Stored records:
════════════════════

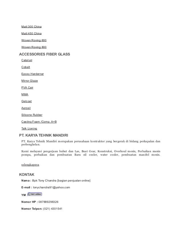 - 47. Matt 300 China Matt 450 China Woven Roving 600 Woven Roving 800 ACCESSORIES FIBER GLASS Catalyst Cobalt Epoxy Harderner Mirror Glaze PVA Cair MMA Gelcoat Aerosil Silicone Rubber Casting Foam /Comp. A+B Talk Lioning PT. KARYA TEHNIK MANDIRI PT. Karya Tehnik Mandiri merupakan perusahaan kontraktor yang bergerak di bidang perkapalan dan perbengkelan. Kami melayani pengerjaan bubut dan Las, Buat Gear, Konstruksi, Overhoul mesin, Perbaikan mesin pompa, perbaikan dan pembuatan Baru oil cooler, water cooler, pembuatan manifol mesin. selengkapnya KONTAK Nama : Bpk Tony Chandra [bagian penjualan online] E-mail : tonychandra91@yahoo.com YM : Nomor HP : 087889298326 Nomor Telpon: (021) 4301541
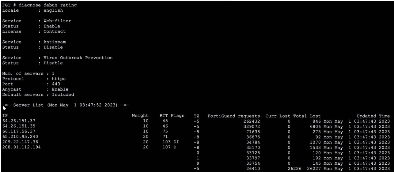 FortiOS uses FortiGuard servers for real-time security services. The command diagnose debug rating shows server selection metrics. The initial contract validation occurs with the first responsive server, often the one with the lowest RTT and highest weight.
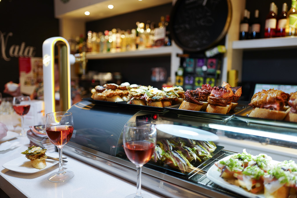 Regn med å bruke 0,80 euro for et glass vin og mellom 1,50 og 1,80 for en pincho. Sykt billig.
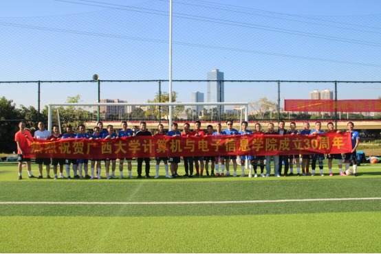 30周年院庆系列活动之校友足球友谊赛在心圩江2号足球场精彩开踢,学院校友足球队、在校生足球队,以及学院领导、辅导员老师、学生拉拉队共200多人参加。
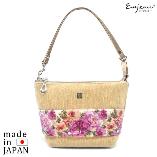 日本製 軽量 横型トートバッグ フローラ ハンドバッグ A4サイズが入る シェニール織 Enjeau アーンジョー
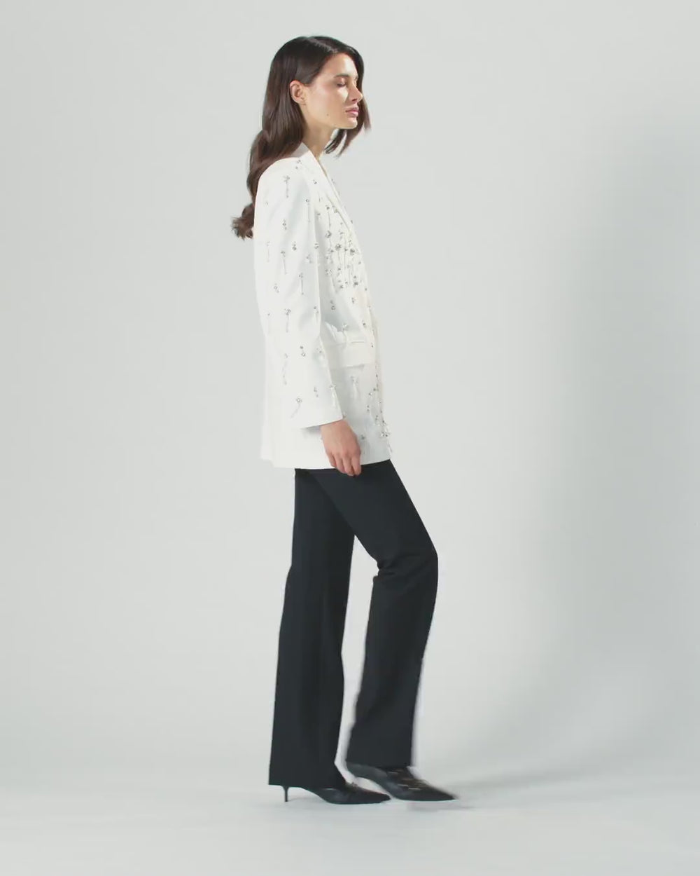 Straight-fit blazer with invisible button, front pockets and chest pocket, made of fine poly viscose fabric. A perfect blend of elegance and craftsmanship, this style is embellished with sparkling crystals and pearls on the front and sleeves: in addition to giving unparalleled brightness, they add a fluid and contemporary movement. The elegant fit and the finish with attention to every detail make this jacket a unique piece, ideal for special evenings and high-class occasions.
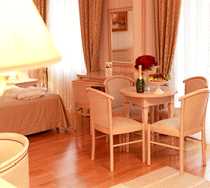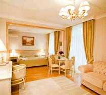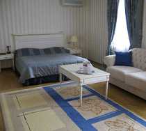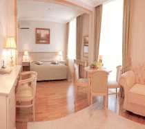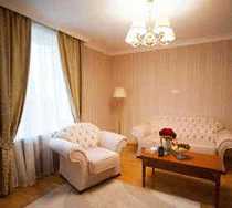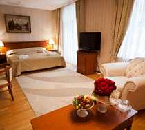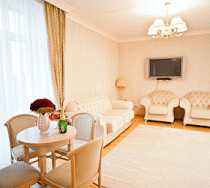 Сплит-система создаст комфортную температуру в помещении, а плазменный телевизор и DVD проигрыватель позволят отвлечься от ярких событий. Также к услугам гостей сейфовая ячейка, мини-бар и телефон. В ванных комнатах гости найдут полотенца, халаты, тапочки, фен, фирменную косметику.

════════════════════

Using the data above, copy exactly the lines from the one containing "FortiOS uses FortiGuard" to the one containing "日本製 軽量 横型トートバッグ", inclusive. Exclude the pictures.

YOUR SOLUTION:
 FortiOS uses FortiGuard servers for real-time security services. The command diagnose debug rating shows server selection metrics. The initial contract validation occurs with the first responsive server, often the one with the lowest RTT and highest weight.
 Regn med å bruke 0,80 euro for et glass vin og mellom 1,50 og 1,80 for en pincho. Sykt billig.
 30周年院庆系列活动之校友足球友谊赛在心圩江2号足球场精彩开踢,学院校友足球队、在校生足球队,以及学院领导、辅导员老师、学生拉拉队共200多人参加。
 日本製 軽量 横型トートバッグ フローラ ハンドバッグ A4サイズが入る シェニール織 Enjeau アーンジョー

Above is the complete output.